Kenzie Jones | Sports Editor | @KenzieScribbler

As the semester comes to a close most of us students are either worried about graduation or excited that soon we won’t have to do anything for school for the next four months. The tendency is to forget what it was like this time of year back in high school.

With the UVU calendar set up this year, we actually will be finishing graduation and convocation on the same day that high school seniors everywhere in the nation will be picking what college they will be attending in the fall. I’m talking about May 1st.

It’s the day that everyone wears memorabilia of their future school and shows off a little. For a student athlete this day is a huge deal, because you are not only pick where you will be getting an education for the next four years but you are picking the team you will be playing for as well. Speaking as an athlete, your team is your family. Picking your family for the next four years, that’s a big decision to make.

Sure, every sport is different. The NLI (National Letter of Intent) has different dates for some sports. Basketball had to pick in November, football was at the beginning of this month, but all other sports the final decision is May 1st. Although you do have the option to change your mind up until August, but most people don’t do that because it gives you a bit of a bad name.

For myself, I knew exactly where I was going to go swim three months before my dead line. I went and visited the school and love the campus, the professors, and most importantly I got along with the team. Then about three weeks before my dead line I started talking to an other coach. They had me convinced that I was destined to go to this other school.
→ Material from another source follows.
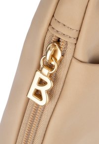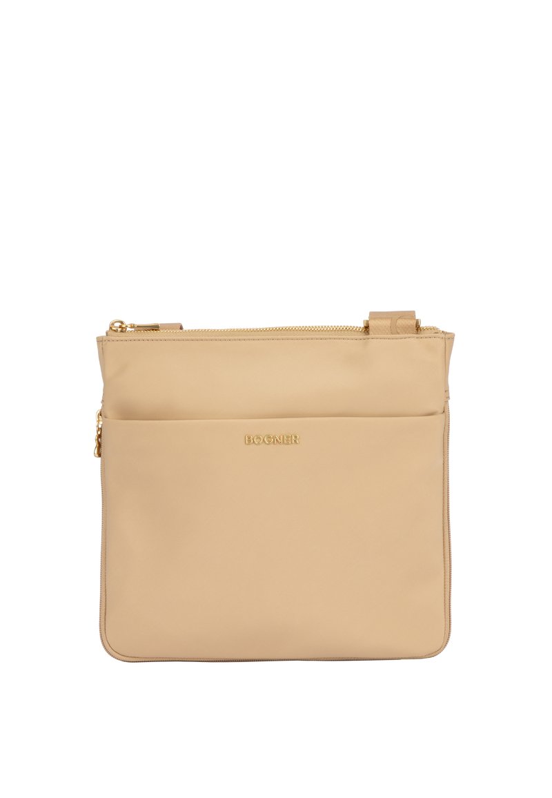 Sac bandoulière rectangulaire beige avec fermeture éclair dorée et petit logo "BOGNER" doré centré sur la poche avant.

I was lucky enough that my aunt gave me an early graduation present and sent me to go visit this other school that I thought I was going to love. Within the first five minutes at this other school I knew that I would hate every moment I was trapped there. The trip made my decision for me and come the first of May I stuck with my original choice.

There are plenty of athletes out there like me, who, much like the majority of high school aged children, think they know everything but in all actuality are changing their mind every five minutes. I’m 22 years old and still think I know everything, but don’t know what I’m doing with my life.

Congratulations to all those, student athletes and plain students, who figured things out right before their first graduation and now mostly have things figured out for their next.